3

With some periodicity this needs to be done:

  • Inserting data from a production database into a test/development database, so that programmers have fresh data to test on.
  • Migrating data from a database into another, for whatever reason.

Note: databases are relational.

The problem is:

  • Databases were modeled with a "all-PK-are-surrogate" policy.
  • Moving data from a database to another involves programming to avoid colision of PK values ( generated by sequences ).
  • A table pairing the values of the PKs of origin and destination database's tables is needed in order to do the "equivalency" between surrogate keys.
  • Said table has to be created in advance of migration, by matching business keys (which are not PK, so don't govern FKs)
  • Data migration even of a single table in not trivial, as opossed to tables with natural keys.

What's the easiest way of copying rows from one database to another when all tables have surrogates keys ?

7

We came across this problem (or at least a similar one) not long ago at work, and our solution is to divide the migration process into steps:

  • Insert the new data to a temporary staging table(s)
  • Update the surrogate keys in the staging table(s) so that there are no conflicts
  • Insert the data into the target table(s)
  • Delete the staging table(s)

The second part is the tricky part, but in our case we were able to follow this algorithm for each table:

  • If there are any foreign keys against this table, set up foreign keys in the staging table with ON UPDATE CASCADE
  • Update the primary keys of all rows to a new id range.
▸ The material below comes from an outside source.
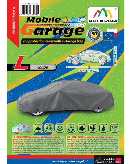 Vysoce kvalitní plachty na auto MOBILE GARAGE- voděodolné a paropropustné. Jsou ušité z nepromokavé paropropustné membrány a nesnadno promokavých materiálů, které velice dobře propouštějí páru, zachovávají si téměř naprostou těsnost a zároveň odvádějí vlhkost hromadící se pod potahem. Chrání celé auto společně s jeho dolní částí před škodlivým vlivem prostředí. Jsou odolné vůči působení UV záření. Upevňuje se s pomocí stahovacího lemu s lankem kolem celého vozidla, v případě správného zavázání zaručuje bezpečnost i během nárazů větru. Díky širokému spektru tvarů a barev jsou potahy dobře přizpůsobeny různým automobilům. Poskytnuta až do 30-měsíční záruka vám dá jistotu, že kupujete nejvyšší kvality výrobku.

We used negative ids. E.g. UPDATE STAGINGTABLE SET ID=-ID-1; Now there is no risk of id clashes in the next step.
  • Now, for each row in STAGINGTABLE, generate and assign a new id

Repeat for each staging table. When all staging tables are processed, INSERT the data into the target tables.

One assumption this relies on is that all data is new and independent from the data already in the database.

3
  • +1 for the real-life answer. But, how do you checkwhich data is new ? Don't you have to compare business keys ? Jul 8 '13 at 18:01
  • Our case was easier that way - we knew that all data was new. I haven't thought about the more difficult case you describe, but I think it's possible to borrow ideas from the approach we used.
    – waxwing
    Jul 8 '13 at 18:16
  • Of couse, your approach will be of help. Jul 8 '13 at 18:17
-1

Alternative approach if you do not need to disguise the data for privacy reasons. All database changes and values for lookup tables should be in source control. We simply restore the last prod backup and then use source control scripts to add whatever dev changes haven't made it to Prod yet. If you have multiple databases, all should be refreshed at the same time. One advantage of this is that you have roughly the same number of records as prod which makes a huge differnce in testing your database code for performance. It also helps keep your devs using source control for changes and helps practice deployments before you move them to other environments.

4
  • You mean versioning whole plain text exports of the database in a version control system ? Jul 8 '13 at 19:17
  • Every object and every change to an object in a database should be in source control. You should be able to run the scripts in order by version.
    – HLGEM
    Jul 8 '13 at 21:04
  • I meant data. Not only structure: You mean versioning whole plain text exports of the database (structure and data) in a version control system ? Jul 8 '13 at 21:08
  • The only data that should be in source control would be lookup tables that are not ever changed from the application.